I have 2 problems handling collision and physics gravity.
The first one is that gravity isn’t often applied up to down. I didn’t arrange the level settings and I confirmed the actor isn’t placed upside down.
This is a short image of the actor, gravity not applied properly(The actor is that tiny ball). Eventually I couldn’t catch up the speed and the actor goes away to the sky. ‘ALT’ in the right side is the player’s altitude, so no doubt that the actor is actually having gravity upwards.
This is what I expected. The actor bounces off as it collides with the floor.
The second problem occurs here. The actor sometimes doesn’t collide with the floor and passes through it.
The actor’s collision and the landscape’s collision is set to both block each other. Nothing has been changed in the initial settings but the result is changing randomly.

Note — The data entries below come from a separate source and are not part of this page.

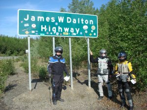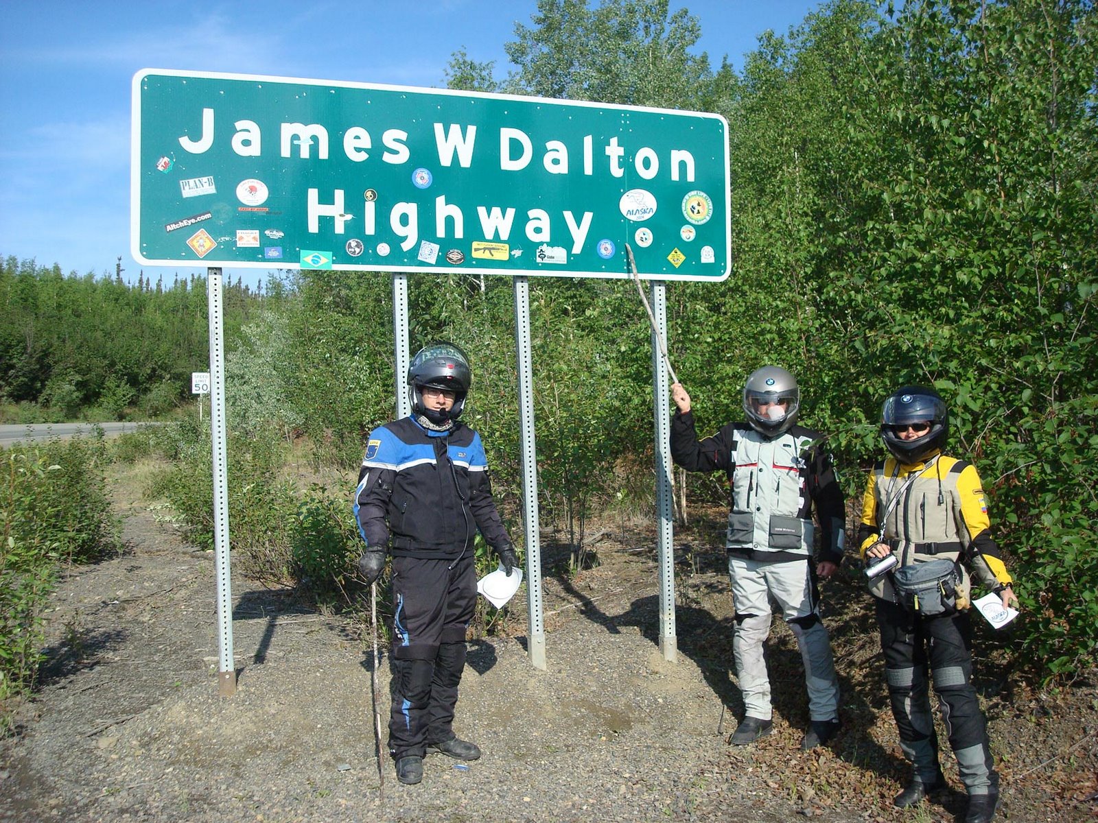 ! Y mas con la responsabilidad de llevar a alguien en el asiento. Pero bueno, después de empeparme y una buena noche de sueño me levanté con muchas ganas de tomar la carretera. Salimos re temprano, un día espectacular!! Aún no puedo creer la suerte que hemos tenido con el clima!!!! Un sol radiante, la temperatura era baja pero con la perspectiva de que iría subiendo. Tomamos la carretera con mucha ansiedad, un camino espectacular, desolado, claro era domingo. Llegamos hasta el punto donde consideramos era lo mejor tanquear, y nos cruzamos con otro motociclista. El tipo estaba desayunando, ahi solo con su Buell cargada hasta donde le daba el espacio. Charlamos un rato a sabiendas que nos cruzaríamos en el camino. El iba hasta Prudhoe. Tanqueamos, un poco de café y hagale! No pasó mas de una media hora cuando en medio del camino en unas curvas en forma de “S” se nos cruzó un moose!!! Mas asustado que nosotros corría de lado cruzando por la mitad del camino, nos hizo frenar casi en seco!!! Altísimo!!! Parecía como una jirafa sin el cuello, una forma de correr muy chistosa y una cara muy particular, salió corriendo hacia el otro lado delcamino y se metió entre los arbustos. Inolvidable. Pensamos que ibamos a ver muchos mas animales pero hoy fué solo este. Seguimos dándole duro hasta llegar a la entrada al Dalton Highway, después de las fotos reglamentarias y de dejar el sticker en el mismo, seguimos viaje. A los pocos km el camino se torna destapado, un destapado muy mamón. Era una gravilla que después se convirtió en arena, y al pasar de las retroexcavadoras dejan una pila de arena muy dificil de pasar. La moto va para cualquier lado, es temprano, acaba de pasar el camión con el químico que evita que se levanta polvo, acaba de pasar la retro y la humedad se mantiene. Sin embargo salimos aireosos.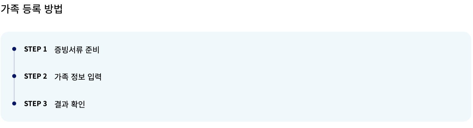 1년 이내에 발급한 신천인과 등록할 가족의 가족관계 및 생년월일이 명시된 법적 서류가 준비되어야 하며, 열람용 문서, 미리 보기 문서는 인정되지 않습니다.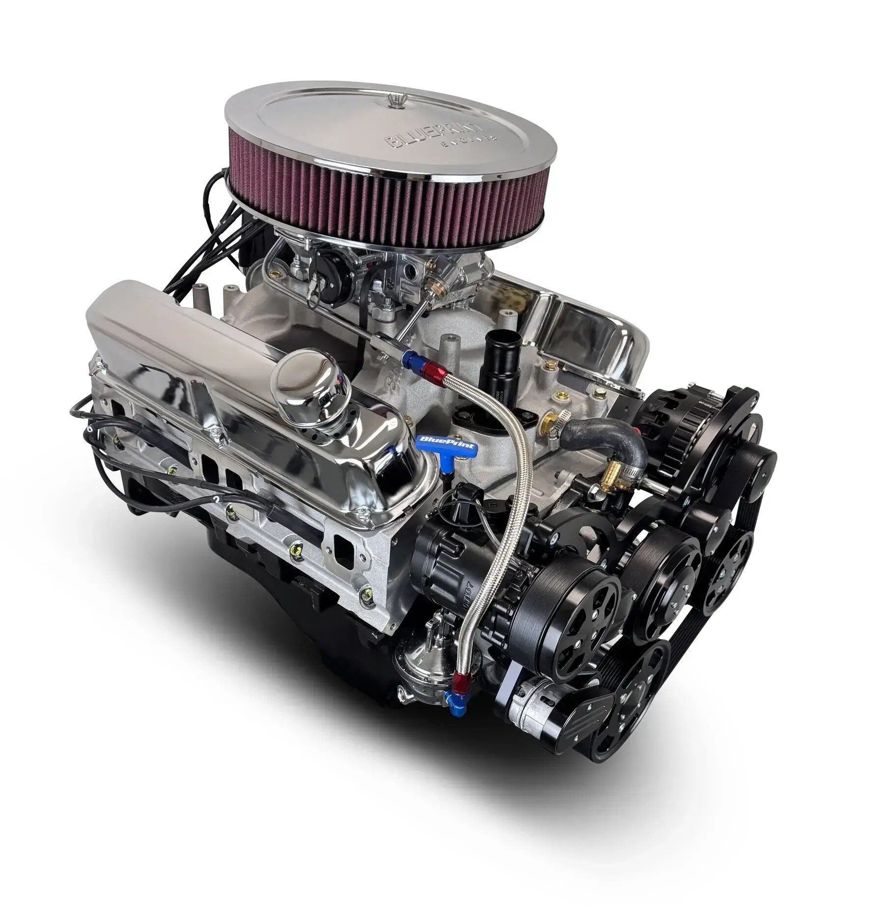 BluePrint’s BPC4085CTCKB Chrysler Small Block Compatible performance crate engines are dyno tested. This produces 465 horsepower and 494 ft. lbs. torque. This 408ci Stroker Engine comes with Spark Plugs, Spark Plug Wires, Dipstick, Oil Pan, Timing Cover, Valve Covers, Edelbrock Aluminum Heads, Magnum Pattern Intake, Holley Classic 750cfm Vacuum Secondary Carburetor w/ Electric Choke, BluePrint Premium Air Cleaner, and Black Pulley Kit.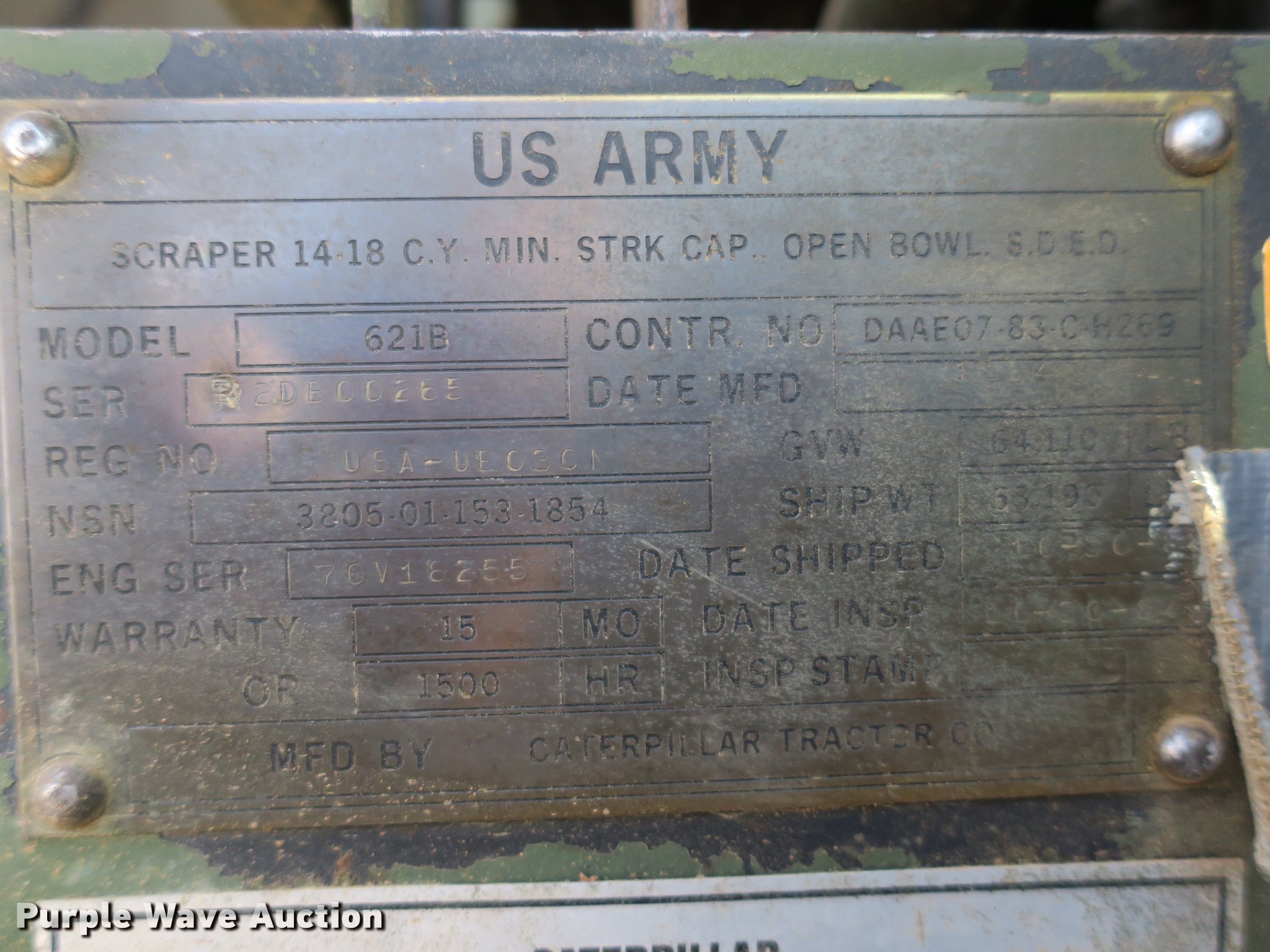 1985 Caterpillar 621B MIL conventional scraper | SOLD! October 23 Government Auction
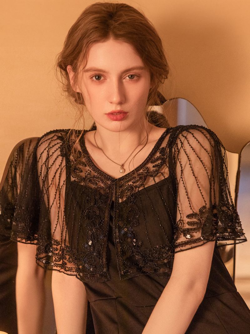 Capa Feminina Lantejoulas Transparentes Com Decote Em V Década 1920

I have no idea why collision doesn’t work the same every time, why gravity is applied upside down.
The ground collision miss is probably due to the speed of the object.
During the next frame the plane has passed through the collision mesh, causing it to clip passed it.
You could probably do a raycast check in front of the plane depending on it’s speed / acceleration the distance would need to be different. Cast ahead and see if within the next frame the plane would hit the mesh if so in the next frame get the cached collision location and probably project the planes position back to the hit point (probably with teleport set to true).
Yeah the speed is too fast. Only way to handle it would maybe be physics sub stepping or the raycast method.
As for the altitude how are you measuring it?
Is it from a set sea level (could be a ref actor or global variable) and checking your z location compared to the location of the sea level?
Altitude is currently just defined as (Player’s Z axis position ÷ some constant number). There is no reference to get the altitude value, only the GetActorLocation(self)'s Z value.
How are you applying the gravity? Are you using the default floating movement for flying objects or are you calculating it manually (I’m guessing you might be calculating some sort of lift force based on flap position and speed) The lift force would have to overcome the force of gravity for the plane not to fall.
This is my first attempt to actually use gravity. I was trying to find how to use gravity looking good, but soon I just moved to other things since gravity usage wasn’t that frequent. Currently I just added a few nodes decreasing the Z axis position to replace gravity. So acceleration and gravity are both using “AddActor(Local/World)Offset”. For now I am trying to use physics gravity only when an actor loses all health and lose control. It would be great if I can combine this gravity and “AddActorOffset” to look more natural.